Это тогда прозвучало так неожиданно щедро, Олег смешался, что-то промямлил в ответ.
— Колька-то мой только в письмах на «вы». А так-то он меня на «ты». Как же иначе. Ну и с тобой. — Выпростав в тесноте руку, Матушкин обнял Олега за плечи. — Ну, будь жив-здоров, сынок. — И, звякнув кружкой о кружку, разом выплеснул все содержимое в широко разинутый рот.

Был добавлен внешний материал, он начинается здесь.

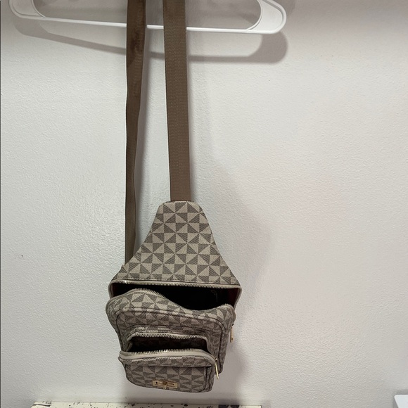 Stylish crossbody bag with a geometric pattern. Features a brown color with gold accents.

Вспомнив сейчас это, вместе с отчей теплотой ощущая и силу приморца, Олег с особой надеждой и верой вникал в его план. А самому неудержимо хотелось коснуться его, сказать что-нибудь сыновнее, ласковое. Да что тут скажешь? С родным отцом и то, кажется, так и не нашел общего языка. С матерью проще было, та сама всегда ласкала его, по каждому поводу целовала. А вот с отцом… Дурак. Каким же он был плохим сыном, сухарем, все чего-то стеснялся, все ему что-то мешало. А теперь? Нету рядом отца. И будет ли уже когда? Тоже где-то на фронте. Не в траншее — в полевом госпитале. А тоже опасно. Наверное, тревожится за него. Конечно, тревожится. Бедный отец! А рядом чужой. Но чем-то уж как будто и свой. Что-то к нему уже затеплилось в сердце Олега. Но как ему это сказать, как показать?
— Простите, Евтихий Маркович, — Олег засмущался. — Вы говорите…

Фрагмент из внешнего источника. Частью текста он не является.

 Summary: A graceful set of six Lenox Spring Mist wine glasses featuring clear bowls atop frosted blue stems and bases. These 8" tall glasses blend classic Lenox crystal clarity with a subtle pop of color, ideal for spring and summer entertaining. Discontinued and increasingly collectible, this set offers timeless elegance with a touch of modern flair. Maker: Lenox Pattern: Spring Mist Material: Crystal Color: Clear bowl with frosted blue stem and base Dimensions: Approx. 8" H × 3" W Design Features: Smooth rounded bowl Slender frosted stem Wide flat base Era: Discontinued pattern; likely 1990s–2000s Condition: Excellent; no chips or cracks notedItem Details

— Ты… Говори мне «ты». Ведь пили же за это? Пили! — вдруг горячо обиделся лейтенант. — Давай! Пора! Привыкай!
— Ты-ы, — выдавил с усилием Олег. Замялся. — А может быть… Не считаешь ли ты?.. — Олег запнулся снова. — В общем, — тут же справился он со смущением, — по логике, по тактике здесь, по-моему, еще бы одну батарею надо поставить. — Застеснялся, будто этим своим вмешательством обижал лейтенанта. — Вот здесь. — Чистый, еще не успевший как следует загрубеть в походах палец Олега неловко ткнулся на карте в перекресток дорог.
Лебедь нахмурился. Оборвал:
— А две не хочешь?
— Хотя бы взвод, — смешался, поправился Зарьков.
— Комполка, да и мне, комбату, милочек, видней. — Лебедю хотелось еще резче одернуть слишком ученого младшего лейтенанта. Но его такие неуместные, непривычные здесь, в армии, на передовой робость, воспитанность, вежливое обращение по имени-отчеству остановили комбата, не дали сорвать на нем злость. В глубине души он и сам сознавал, что младший-то прав: и впрямь туда бы, на перекресток, следовало поставить еще одну батарею или хотя бы взвод.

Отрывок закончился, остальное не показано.